The U.S. consumer financial watchdog will soon start supervising the seven largest student loan servicers to ensure they treat borrowers fairly and comply with federal consumer laws, the agency said on Tuesday.
The Consumer Financial Protection Bureau has taken a broad interest in the burden of student loan debt, which it says now totals $1.2 trillion and saddles many borrowers with debt that takes years to repay.
More than 40 million borrowers with non-bank student loan debt depend on companies that manage borrowers’ accounts and process payments.
The agency said it has found a concerning resemblance of problems encountered by student loan borrowers dealing with servicers and those faced by homeowners dealing with mortgage servicers.
Student loan borrowers have complained about being charged late fees as a result of processing mistakes by the servicers, lost paperwork and poor communication.
“Student loan borrowers should be able to rest assured that when they make a payment toward their loans, the company that takes their money is playing by the rules,” said CFPB Director Richard Cordray.

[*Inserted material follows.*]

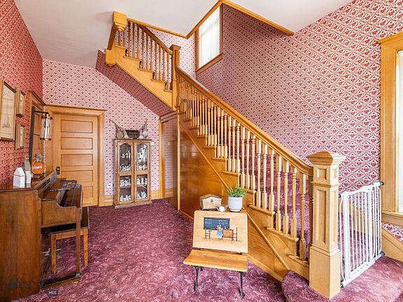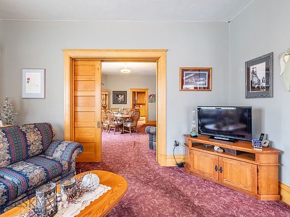 Stately home on the lower westside near Uptown Butte. This home has been beautifully maintained throughout and made significant upgrades. With 2756 sq ft of living space and 4 bedrooms, 3 baths, large formal living and dining room there is ample living space. You come into an impressive entry hall with an under stair coat closet and "pop out" storage cubicles. A working pocket door leads to the formal dining room with "non working" original fireplace with vintage insert. A bonus room/bedroom is on the main level along with an office off the kitchen. The farmhouse style kitchen exudes warmth and function with oak cabinets, stainless appliances, huge pantry cabinet with full extension pull out, mosaic glass backsplash. A full bath (without shower) and an office complete the main floor living space. A beautiful oak bannister goes to the second floor with high celilings rising as you climb. Three more bedrooms with builtins and some original light fixtures and a main bath with tub/shower provide comfortable living. One main feature is a 2nd floor deck off the master bedroom with new roofing material and low maintenance rail. A large back porch has a stairway to the basement with washer and dryer, laundry sinks, new boiler, new hot water tank and additional storage rooms and a workshop. The exterior has a spacious, fenced yard, large deck, drainage system, new cement work and sidewalk. Lastly, the windows have been updated and new roof in 2020.

The agency already has oversight over the student loan servicing activities of large banks with more than $10 billion in assets.
Under a new rule set to take effect on March 1, the CFPB would expand its supervision to non-bank student loan servicers that handle more than 1 million accounts, regardless of whether they include federal or private loans.
The CFPB said seven companies fall into that category. It did not name the companies but said they service in total more than 49 million accounts, which represents the bulk of the market. The CFPB said it will also look into smaller companies if there is reasonable cause to do so.
The U.S. Department of Education contracts several private companies to handle student loan services, including Sallie Mae, Great Lakes Education Loan Services and Nelnet.
While all other forms of debt have fallen since the economic crisis, student loan debt has grown and is now the second-largest form of U.S. consumer debt after mortgage debt.
“Managing this debt load can be a challenge for borrowers – especially for those who run into trouble, facing a financial shock or a bout of unemployment,” Cordray said. “We will be keeping a watchful eye over any servicing company that engages in unfair or deceptive acts or practices toward student loan borrowers.”